*YOUR INSTRUCTIONS:* Repeat the data exactly, please; no pictures belong in the copy.

(SOURCE MATERIAL Opens)

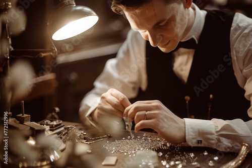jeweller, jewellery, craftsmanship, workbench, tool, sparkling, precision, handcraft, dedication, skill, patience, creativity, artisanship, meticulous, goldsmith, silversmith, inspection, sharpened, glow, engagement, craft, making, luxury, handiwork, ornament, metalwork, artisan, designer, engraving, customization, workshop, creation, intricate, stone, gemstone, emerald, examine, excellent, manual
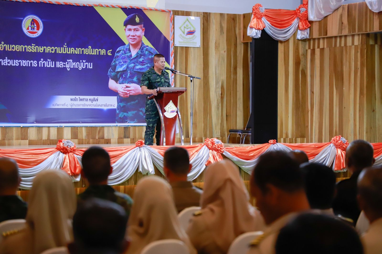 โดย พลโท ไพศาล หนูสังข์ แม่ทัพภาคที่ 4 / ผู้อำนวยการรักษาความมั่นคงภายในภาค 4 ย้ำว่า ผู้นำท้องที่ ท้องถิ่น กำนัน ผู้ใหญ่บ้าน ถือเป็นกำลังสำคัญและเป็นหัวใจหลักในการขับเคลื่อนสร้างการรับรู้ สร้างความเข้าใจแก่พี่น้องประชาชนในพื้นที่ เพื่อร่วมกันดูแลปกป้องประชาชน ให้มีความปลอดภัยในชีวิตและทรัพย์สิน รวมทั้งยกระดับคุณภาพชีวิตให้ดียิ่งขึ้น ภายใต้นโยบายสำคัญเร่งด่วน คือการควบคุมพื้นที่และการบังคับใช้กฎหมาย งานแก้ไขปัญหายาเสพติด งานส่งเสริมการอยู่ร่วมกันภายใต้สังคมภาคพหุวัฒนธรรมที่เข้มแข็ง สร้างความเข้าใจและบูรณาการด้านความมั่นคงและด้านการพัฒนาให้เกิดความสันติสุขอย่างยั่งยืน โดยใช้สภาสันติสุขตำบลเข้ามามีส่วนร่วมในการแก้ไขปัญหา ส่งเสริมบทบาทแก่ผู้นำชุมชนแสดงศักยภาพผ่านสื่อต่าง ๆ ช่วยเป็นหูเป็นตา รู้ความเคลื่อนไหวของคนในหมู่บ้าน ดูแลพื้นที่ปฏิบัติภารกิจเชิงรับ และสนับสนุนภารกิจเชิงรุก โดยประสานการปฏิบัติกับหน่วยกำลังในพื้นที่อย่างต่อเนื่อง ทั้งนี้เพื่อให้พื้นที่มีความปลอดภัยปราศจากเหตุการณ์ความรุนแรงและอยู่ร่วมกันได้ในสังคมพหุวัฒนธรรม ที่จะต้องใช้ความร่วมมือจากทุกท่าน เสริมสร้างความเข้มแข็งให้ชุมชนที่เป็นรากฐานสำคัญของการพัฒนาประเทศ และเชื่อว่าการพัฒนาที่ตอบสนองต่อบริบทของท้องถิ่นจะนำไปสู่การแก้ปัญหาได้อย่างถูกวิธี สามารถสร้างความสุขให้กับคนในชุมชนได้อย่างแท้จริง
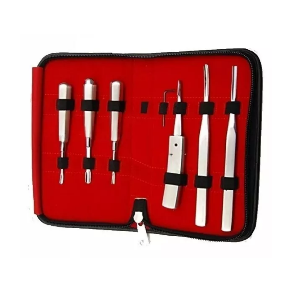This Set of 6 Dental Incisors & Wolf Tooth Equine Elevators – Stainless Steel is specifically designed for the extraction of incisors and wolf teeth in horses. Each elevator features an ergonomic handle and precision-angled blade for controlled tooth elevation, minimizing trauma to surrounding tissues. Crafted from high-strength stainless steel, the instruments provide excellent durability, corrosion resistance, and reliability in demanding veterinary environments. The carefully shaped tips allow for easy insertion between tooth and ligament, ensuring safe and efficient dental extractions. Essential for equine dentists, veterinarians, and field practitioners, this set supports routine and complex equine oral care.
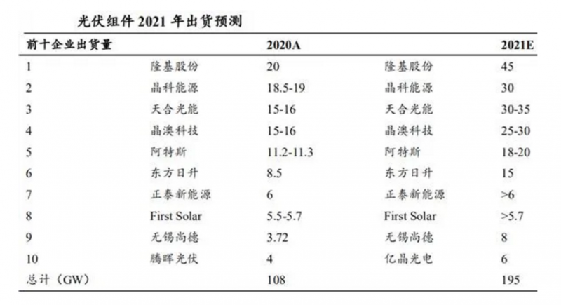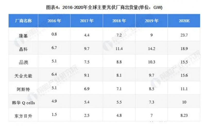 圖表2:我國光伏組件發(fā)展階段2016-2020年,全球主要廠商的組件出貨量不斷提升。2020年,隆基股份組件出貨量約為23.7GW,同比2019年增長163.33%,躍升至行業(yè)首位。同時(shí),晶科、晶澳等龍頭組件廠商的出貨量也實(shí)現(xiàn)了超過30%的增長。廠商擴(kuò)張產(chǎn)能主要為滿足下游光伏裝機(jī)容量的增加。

(SOURCE MATERIAL Closes)

*SOLUTION FOR THIS EXERCISE:*
jeweller, jewellery, craftsmanship, workbench, tool, sparkling, precision, handcraft, dedication, skill, patience, creativity, artisanship, meticulous, goldsmith, silversmith, inspection, sharpened, glow, engagement, craft, making, luxury, handiwork, ornament, metalwork, artisan, designer, engraving, customization, workshop, creation, intricate, stone, gemstone, emerald, examine, excellent, manual
 โดย พลโท ไพศาล หนูสังข์ แม่ทัพภาคที่ 4 / ผู้อำนวยการรักษาความมั่นคงภายในภาค 4 ย้ำว่า ผู้นำท้องที่ ท้องถิ่น กำนัน ผู้ใหญ่บ้าน ถือเป็นกำลังสำคัญและเป็นหัวใจหลักในการขับเคลื่อนสร้างการรับรู้ สร้างความเข้าใจแก่พี่น้องประชาชนในพื้นที่ เพื่อร่วมกันดูแลปกป้องประชาชน ให้มีความปลอดภัยในชีวิตและทรัพย์สิน รวมทั้งยกระดับคุณภาพชีวิตให้ดียิ่งขึ้น ภายใต้นโยบายสำคัญเร่งด่วน คือการควบคุมพื้นที่และการบังคับใช้กฎหมาย งานแก้ไขปัญหายาเสพติด งานส่งเสริมการอยู่ร่วมกันภายใต้สังคมภาคพหุวัฒนธรรมที่เข้มแข็ง สร้างความเข้าใจและบูรณาการด้านความมั่นคงและด้านการพัฒนาให้เกิดความสันติสุขอย่างยั่งยืน โดยใช้สภาสันติสุขตำบลเข้ามามีส่วนร่วมในการแก้ไขปัญหา ส่งเสริมบทบาทแก่ผู้นำชุมชนแสดงศักยภาพผ่านสื่อต่าง ๆ ช่วยเป็นหูเป็นตา รู้ความเคลื่อนไหวของคนในหมู่บ้าน ดูแลพื้นที่ปฏิบัติภารกิจเชิงรับ และสนับสนุนภารกิจเชิงรุก โดยประสานการปฏิบัติกับหน่วยกำลังในพื้นที่อย่างต่อเนื่อง ทั้งนี้เพื่อให้พื้นที่มีความปลอดภัยปราศจากเหตุการณ์ความรุนแรงและอยู่ร่วมกันได้ในสังคมพหุวัฒนธรรม ที่จะต้องใช้ความร่วมมือจากทุกท่าน เสริมสร้างความเข้มแข็งให้ชุมชนที่เป็นรากฐานสำคัญของการพัฒนาประเทศ และเชื่อว่าการพัฒนาที่ตอบสนองต่อบริบทของท้องถิ่นจะนำไปสู่การแก้ปัญหาได้อย่างถูกวิธี สามารถสร้างความสุขให้กับคนในชุมชนได้อย่างแท้จริง
This Set of 6 Dental Incisors & Wolf Tooth Equine Elevators – Stainless Steel is specifically designed for the extraction of incisors and wolf teeth in horses. Each elevator features an ergonomic handle and precision-angled blade for controlled tooth elevation, minimizing trauma to surrounding tissues. Crafted from high-strength stainless steel, the instruments provide excellent durability, corrosion resistance, and reliability in demanding veterinary environments. The carefully shaped tips allow for easy insertion between tooth and ligament, ensuring safe and efficient dental extractions. Essential for equine dentists, veterinarians, and field practitioners, this set supports routine and complex equine oral care.
 圖表2:我國光伏組件發(fā)展階段2016-2020年,全球主要廠商的組件出貨量不斷提升。2020年,隆基股份組件出貨量約為23.7GW,同比2019年增長163.33%,躍升至行業(yè)首位。同時(shí),晶科、晶澳等龍頭組件廠商的出貨量也實(shí)現(xiàn)了超過30%的增長。廠商擴(kuò)張產(chǎn)能主要為滿足下游光伏裝機(jī)容量的增加。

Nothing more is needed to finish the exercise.